Se ela sabe que no final do ano há muitos festivais, começa a investir em equipe e mercadoria seis meses antes, quando o movimento está fraco. Da mesma forma, para a Copa do Mundo, ela planeja coleções específicas. Se uma coleção não vender como o esperado, ela a ajusta para uma nova data ou comemoração, evitando que o estoque fique parado. Para ela, onde há dificuldade, há oportunidade. A organização é a chave para transformar datas ruins em períodos menos piores e datas boas em momentos excepcionais. Ela sugere que o empreendedor reserve meia hora que seja para planejar a semana ou o mês, pois isso gera mais resultado do que horas perdidas em tarefas sem direção.
Como Contratar e Formar um Time Vitorioso na Sua Loja de Moda
O processo de contratação para Natália vai além do currículo. Por ser uma figura pública, ela recebe muitos currículos de seguidores que admiram seu trabalho, mas nem todos possuem a capacitação ou a atitude necessária. Ela busca pessoas que demonstrem conhecimento, proatividade e, acima de tudo, vontade de estudar e evoluir.

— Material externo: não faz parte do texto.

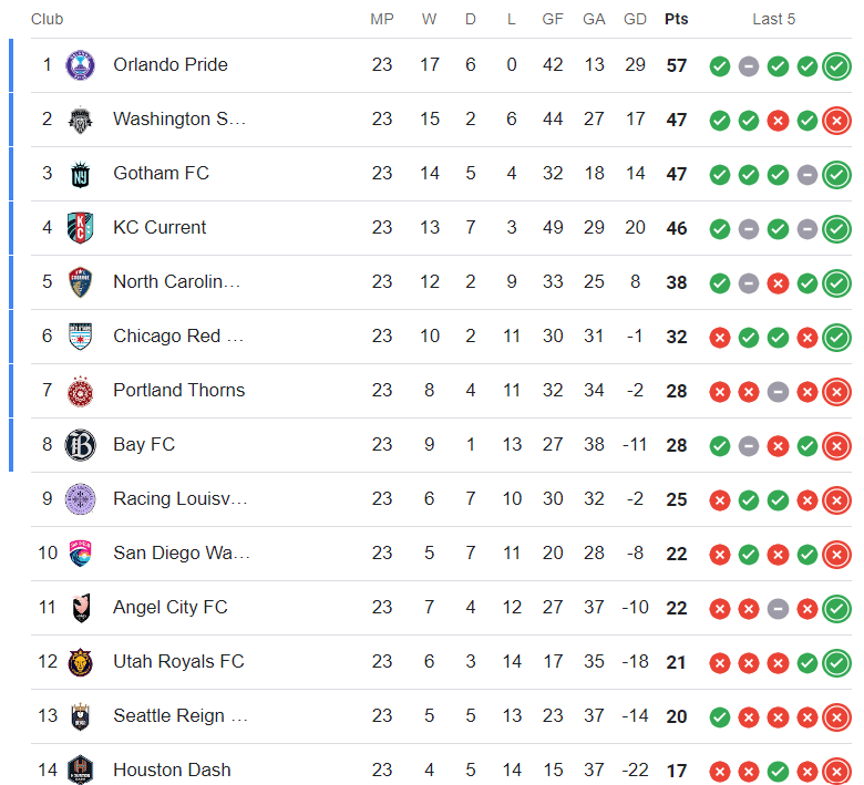 Updated NWSL Standings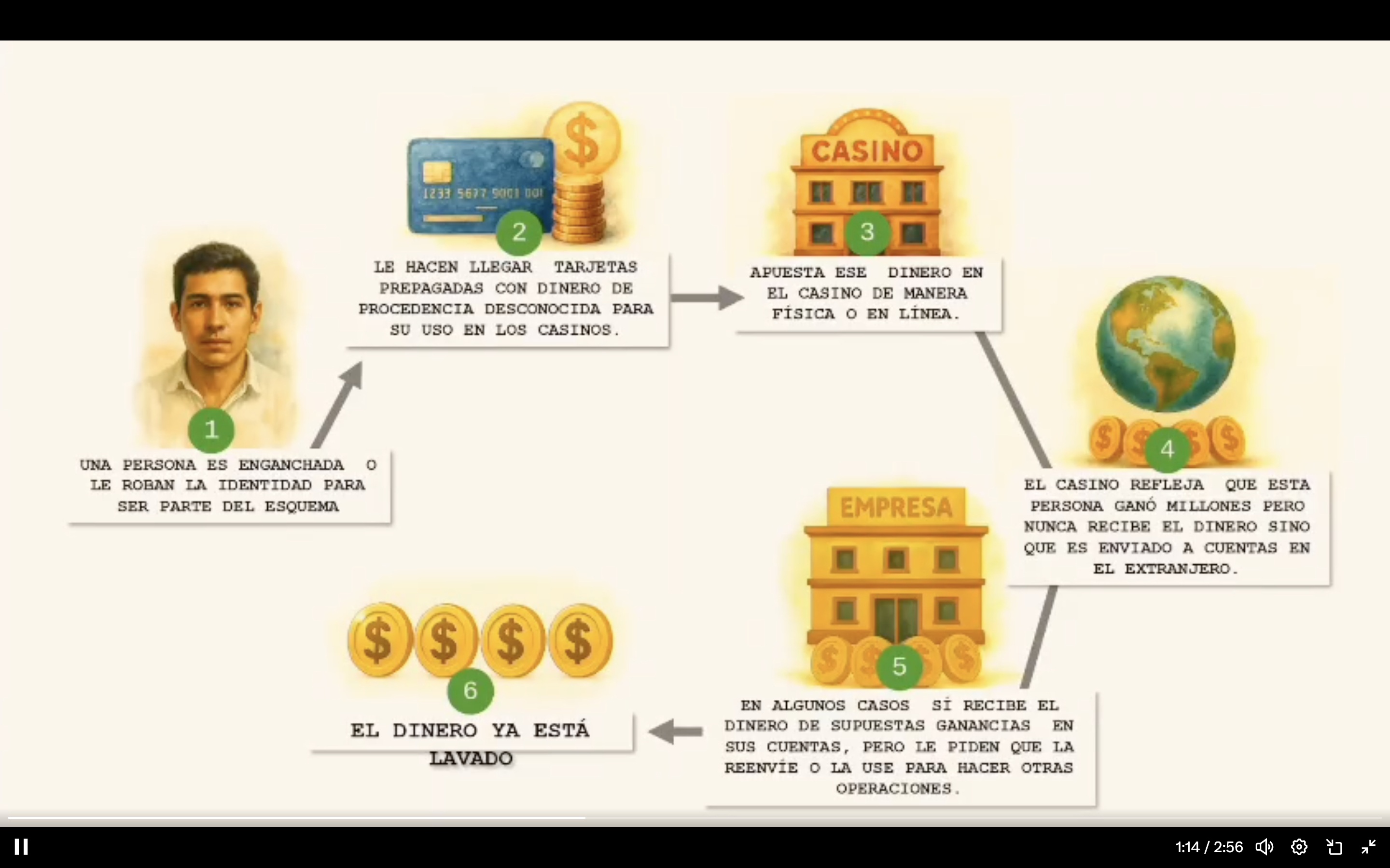 “Segundo, por medios electrónicos se les envían tarjetas prepagadas o códigos premiados con dinero de procedencia desconocida, que pueden usarse en casinos físicos o en línea.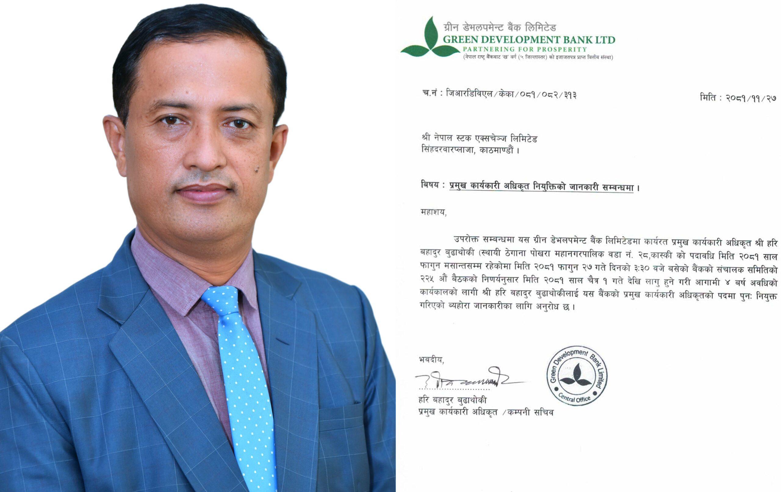 ग्रीन डेभलपमेन्ट बैंकको सीईओमा हरि बहादुर बुढाथोकी पुनः नियुक्त
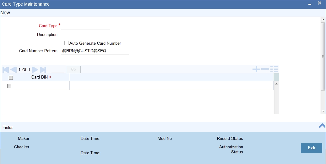 You can maintain the card type in the 'Card Type Maintenance' screen. You can invoke the 'Card Type Maintenance' screen by typing 'STDTYMNT' in the field at the top right corner of the Application tool bar and clicking the adjoining arrow button.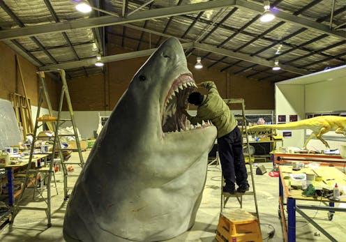 The Smithsonian’s megalodon model is a full-body reconstruction measuring 15 metres. The other, at the Museum Boola Bardip, is a beautifully crafted model of meg’s head. This was built under the direction of one of us (Mikael) and opened to the public in November.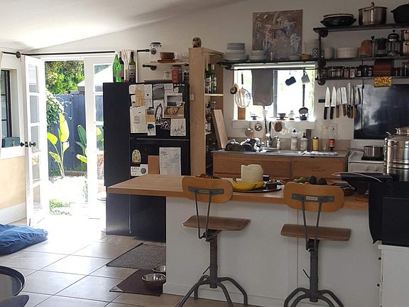 This is a charming attached back house with two outdoor decks and landscaped yard. Cozy open layout with fully equipped kitchen, separate bedroom and and bathroom. In a quiet neighborhood, but only a couple of blocks from the action. 10 min walk to Abbot Kinney, Venice Beach, the boardwalk and other major attractions and only 5 min walk to canals. Ideal for single tenant or couple. Includes bikes and surfboards. Washer / dryer on site. Prime Location! Very nice neighborhood and neighbors are very easy going. $2750 month.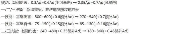 第三个,一二三技能的伤害都会降低10%~15%的基础数值,作为补偿,也会提升1%~10%的额外Ad加成,相当于加强后期削弱前期。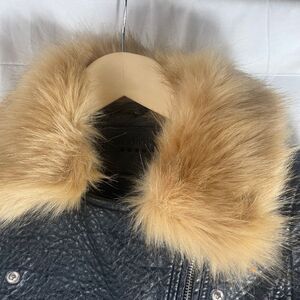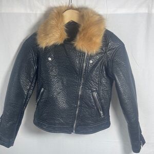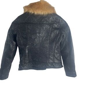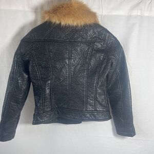Blank NYC Black Vegan Textured Leather Detachable Fur Collar Moto Jacket Sz M
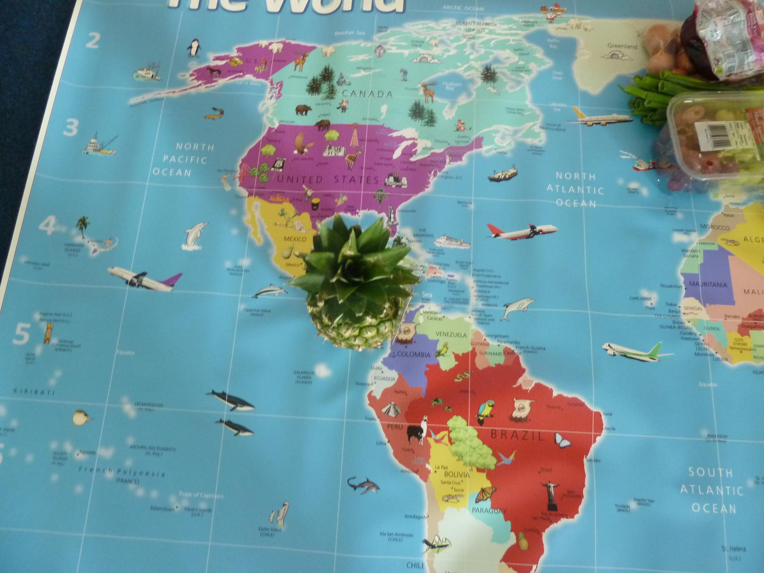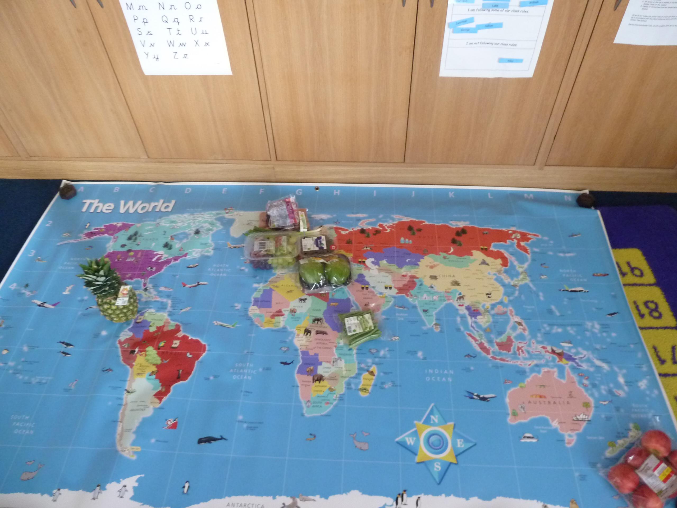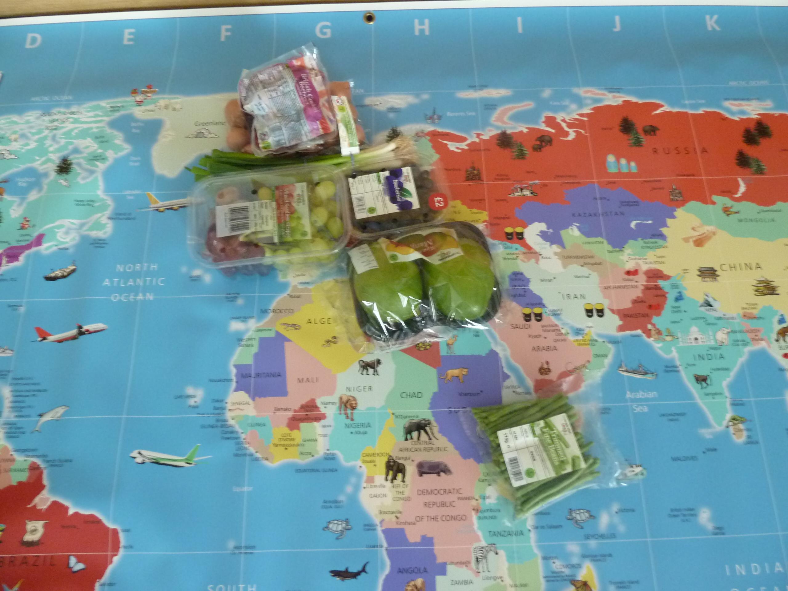 Today we carried on looking at the world map, but this time we found out where our food comes from. We have started our Harvest topic by learning that it is not just the UK that has a harvest, many countries around the world also produce the food we eat. We talked about how the food would travel to the UK and into our supermarkets. The food that travelled the furthest was from New Zealand. We thought it would have had to come on a plane from that distance. The continent which had produced the most food from our selection was Europe.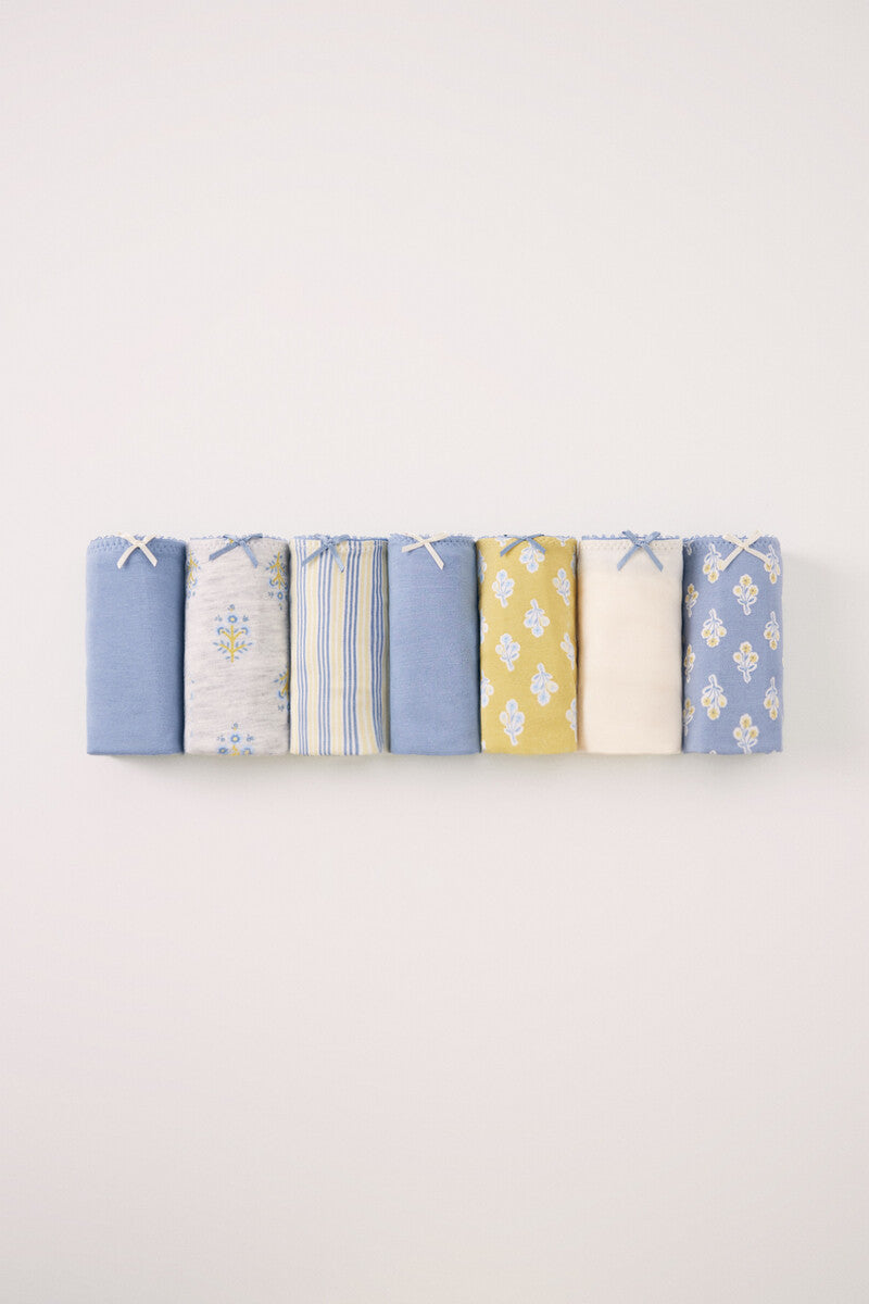 Pack of seven classic cotton panties in plain colours and with different prints in green and yellow tones. They also have a small bow on the front as an original touch. They are ideal, right?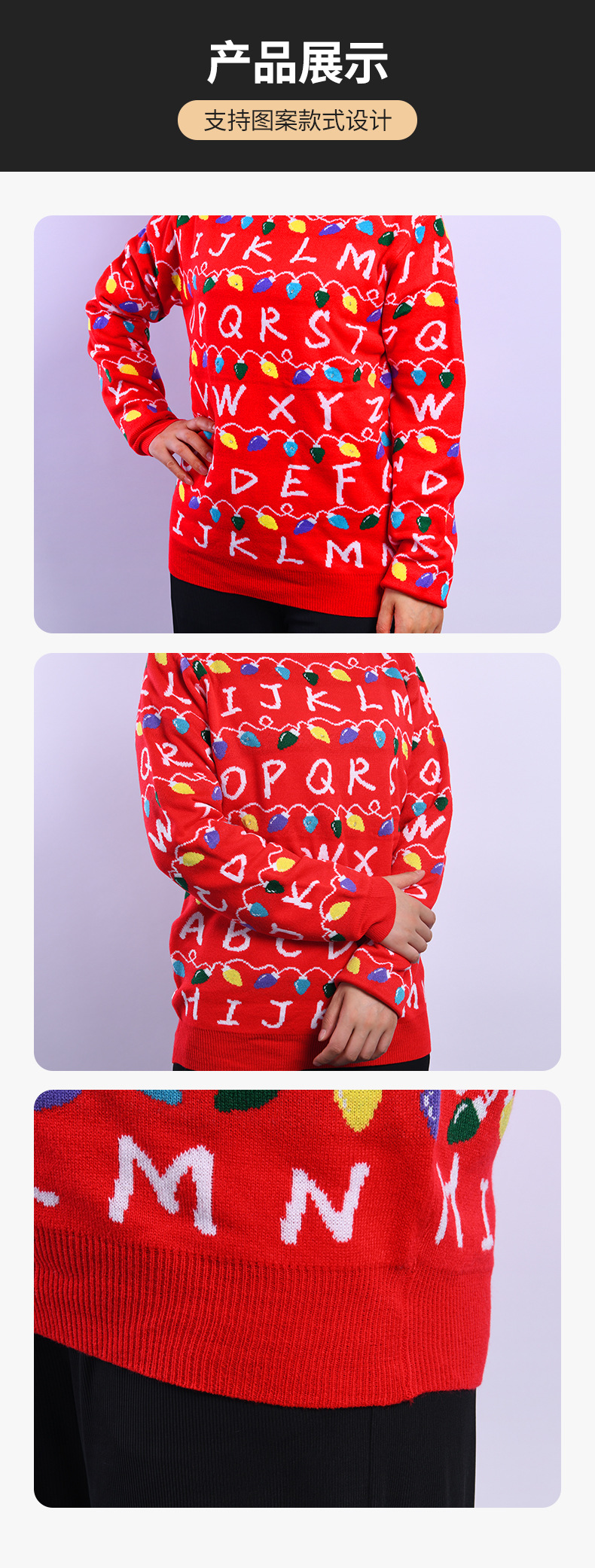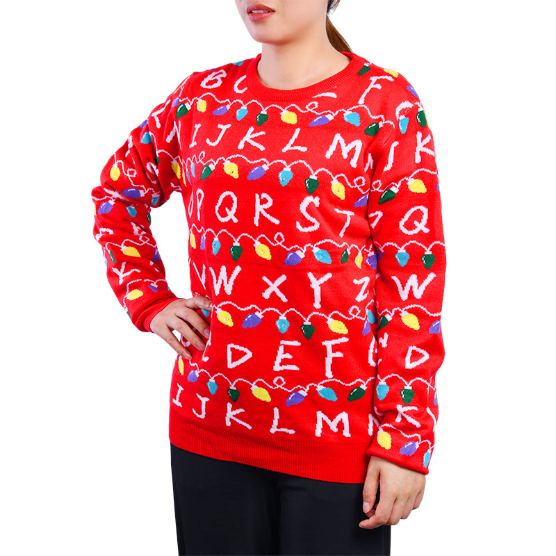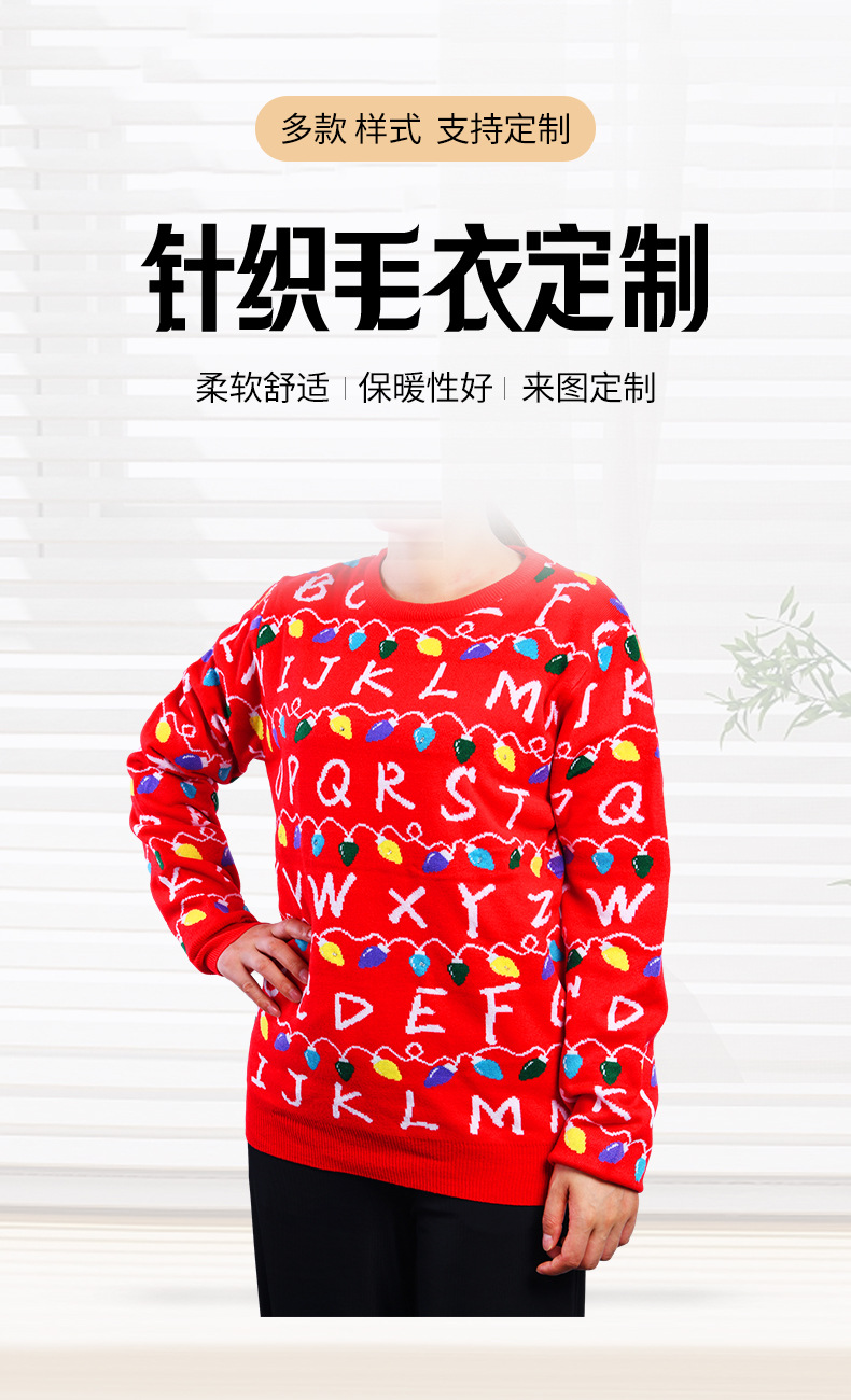 Свитер с круглым вырезом по индивидуальному заказу для зимы, утолщенный для осени и зимы, подходит для ношения внутри или снаружи, обработка небольших партий, красный вязаный рождественский свитер.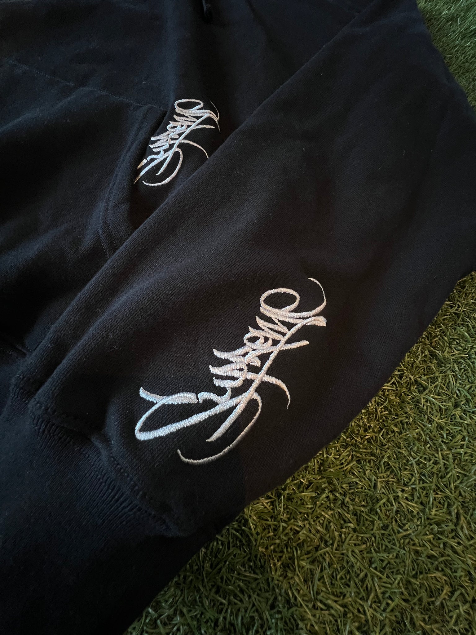White embroidered “Supreme” script logos on front, back, sleeves, and hood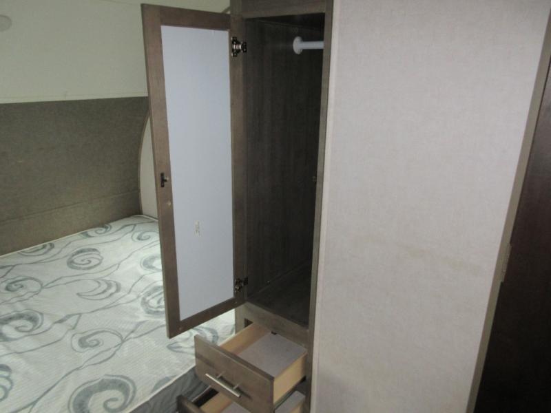 For a sturdy one-of-a-kind travel trailer, choose the R Pod by Forest River. Along the exterior you will find a two tone gel-coat fiberglass, custom tinted safety glass windows, and convenient magnet baggage door catches. Inside these models you will enjoy the Designer Carefree flooring, grey shaker style cabinets, hardwood drawer fronts with full extension ball bearing drawer glides, plus the decorative window treatments! These trailers are ready to go when you are! Come select your R Pod today!

Um ponto de inflexão em suas entrevistas é a videochamada. Candidatos que aparecem deitados na cama ou tomando refrigerante durante a entrevista mostram uma falta de profissionalismo que, para ela, é um sinal claro de que não darão resultado. Natália valoriza quem se dedica, e em troca, oferece apoio, como pagar ou co-financiar cursos. Sobre contratar familiares, ela pondera que pode dar certo, como no caso de grandes empresários, mas que é necessário saber dividir o lado pessoal do profissional. Ela cita o exemplo da própria relação com seu pai, onde as brigas eram constantes devido à resistência dele com a tecnologia. Se não houver essa separação, a convivência saudável e o negócio podem ser prejudicados.
Erros Comuns que Impedem o Crescimento: Do Medo à Falta de Paciência
Natália lista os erros mais comuns que vê entre lojistas de moda. O principal é desistir logo no início. Ela lembra que manter um CNPJ é difícil, especialmente no primeiro ano e meio, e que muitas empresas fecham nos primeiros cinco anos. A montanha-russa emocional de ter CNPJ, com dias de euforia seguidos pela realidade dos boletos, é algo que precisa ser encarado com resiliência.
Outro erro grave é não inovar e ficar preso à zona de conforto. Para ela, se o lojista não busca o diferencial e a necessidade do público, não tem como evoluir, ficando fadado a competir com as grandes marcas sem sucesso. A falta de paciência também é um grande vilão: muitos querem resultados imediatos e se comparam aos outros, sem entender que cada um tem o seu momento. Por fim, ela critica aqueles que não se adaptam ao digital, seja por medo ou por teimosia, insistindo em métodos do passado enquanto o mundo e o consumo mudam rapidamente.
Conselhos Finais: Ame o que Faz e Transforme o Medo em Combustível
Para finalizar, Natália deixa um conselho direto para os empreendedores da moda: ame o que você faz. Pensar apenas no financeiro não é suficiente; é preciso ter paixão por vender e por dizer a verdade para quem está vestindo a peça. Quando o cliente se sente visto como amigo, o retorno financeiro vem naturalmente.
Ela incentiva a não ter medo de começar ou investir. O medo sempre existirá, mas ele deve ser o combustível, não o paralisante. Seja a melhor no que faz, mesmo que seja o básico, como fazer a melhor bainha. Recordando sua própria coragem de se mudar para os Jardins em São Paulo com capital para apenas um mês, ela repete a frase que ouviu: 'As pessoas mais doidas foram as que mais deram certo na vida'. Por fim, ela reforça a importância de não perder a essência e esquecer de onde veio, acreditando que, mesmo que demore, o sucesso virá para aqueles que persistem com paciência e dedicação.